LRD guides and handbook September 2012

Disciplinary and grievance procedures - a practical guide for union reps

Chapter 10

Who hears the appeal?

The Acas Code requires the appeal to be dealt with impartially by a manager who has not had prior involvement with the case at all. The Guidance says that wherever possible, the manager hearing the appeal should be senior to the one who made the decision under appeal.

If the manager hearing the appeal confers with the manager who made the dismissal decision, this can make the dismissal unfair (Campion v Hamworthy Engineering [1987] ICR 966).

Points to check include:

• has the employee received all the necessary information about how the appeal is to operate, in good time;

• have draft minutes from the original hearing been produced for comment in good time before the appeal hearing to enable the member to prepare properly;

• what information do the appeal panel need and what documents or evidence have they been given on which to base their decision?
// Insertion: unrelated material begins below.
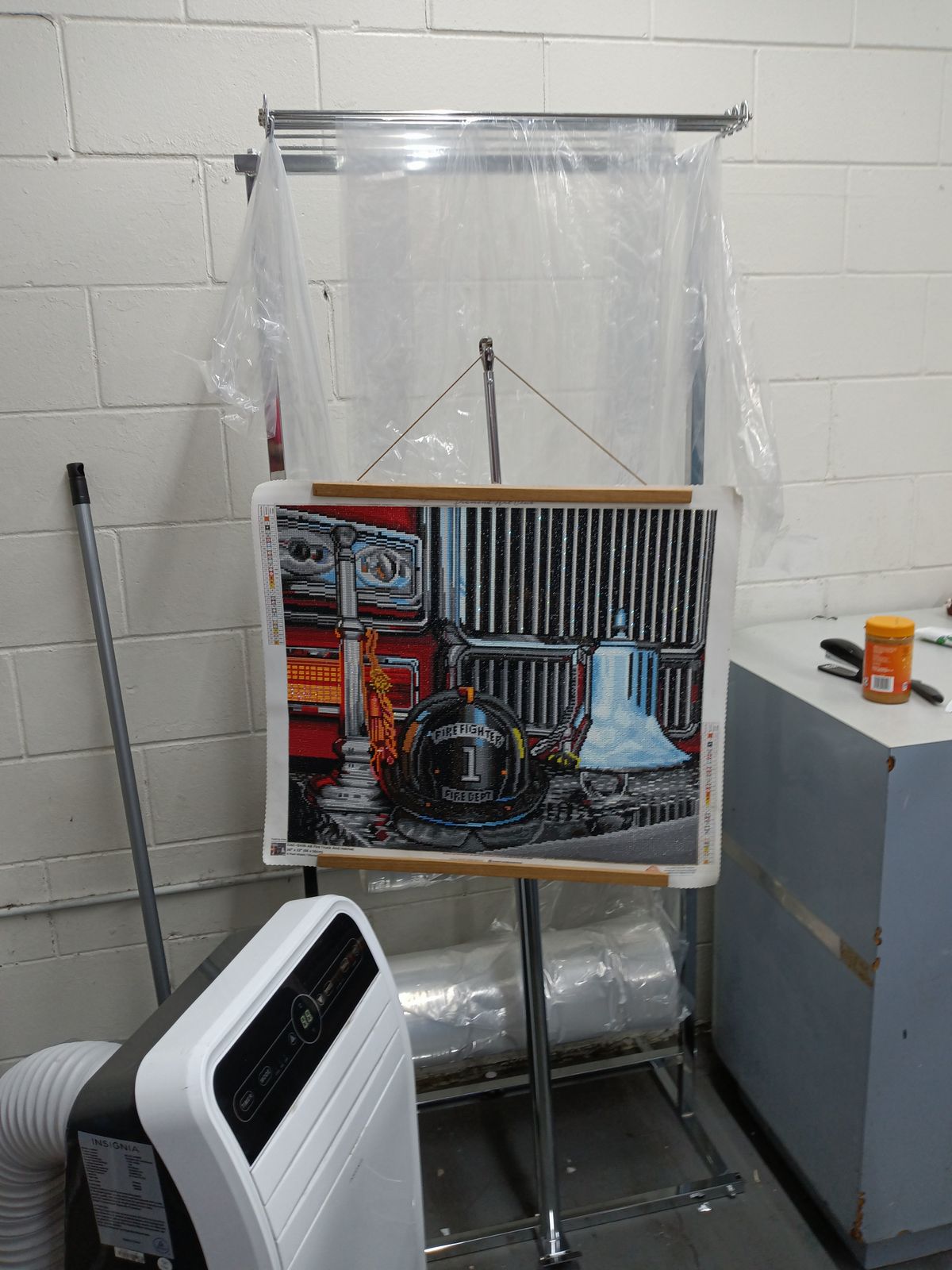 This is one of my favorites that I have done. My husband is a fire fighter and this is hung up with all his fire fighter stuff.

The date of dismissal is not changed by lodging an appeal. The fact that an employee is appealing against a dismissal does not affect the date of termination of the employment, which remains the original date of dismissal.

Any tribunal claim must be issued within three months of the dismissal date, even if the appeal process is still on-going. If the deadline for bringing an unfair dismissal claim is missed for this reason, the claim is unlikely to be allowed (Remploy Limited v Brain UKEAT/0465/10).